▶ _To do_: Starting at the line with "Le prince Jergen", retype every remaining line of the records exactly. Do not include pictures.

######

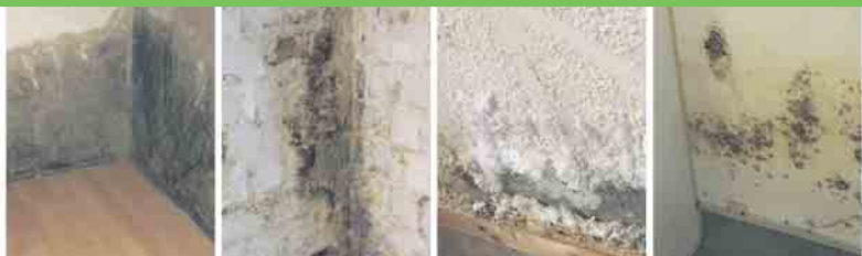
Defekte Horizontalsperre Querdurchfeuchtung Ausblühungen Schimmelbefall
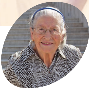
D. Esperança uma mão cheia de ternura... » págs. 8~9
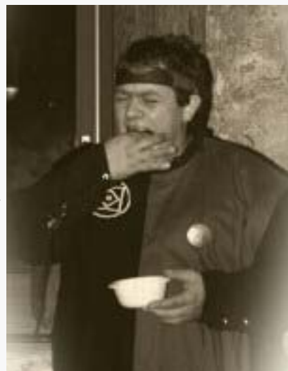
Le prince Jergen Vodenzâr, dévorant sa prise de chasse.
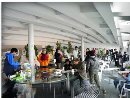
地元の方々の来場で賑やかに

当日は、地元の方々を中心に60名程度の来場者があり、石井閘門のサクラと再会や様々な展示物を鑑賞して“ちょっとアートな空間”を楽しんでいただけただけです。
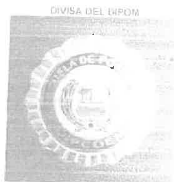
IMAGEN REFERENCIAL DEL BIEN
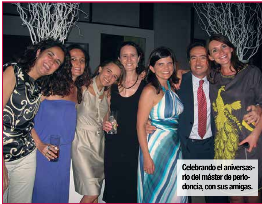
Celebrando el aniversario del máster de periodoncia, con sus amigas.
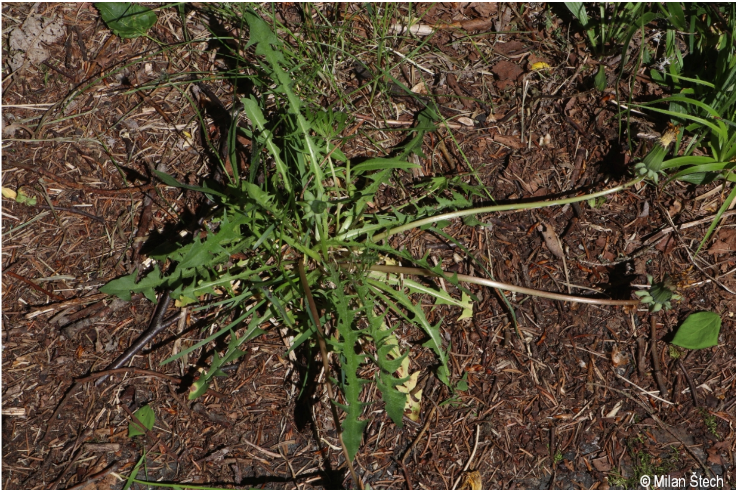
Taraxacum hercynicum – Milan Štech – Rejštejnské Zhůří.

######

▶ _Solved problem_:
Le prince Jergen Vodenzâr, dévorant sa prise de chasse.
地元の方々の来場で賑やかに

当日は、地元の方々を中心に60名程度の来場者があり、石井閘門のサクラと再会や様々な展示物を鑑賞して“ちょっとアートな空間”を楽しんでいただけただけです。
IMAGEN REFERENCIAL DEL BIEN
Celebrando el aniversario del máster de periodoncia, con sus amigas.
Taraxacum hercynicum – Milan Štech – Rejštejnské Zhůří.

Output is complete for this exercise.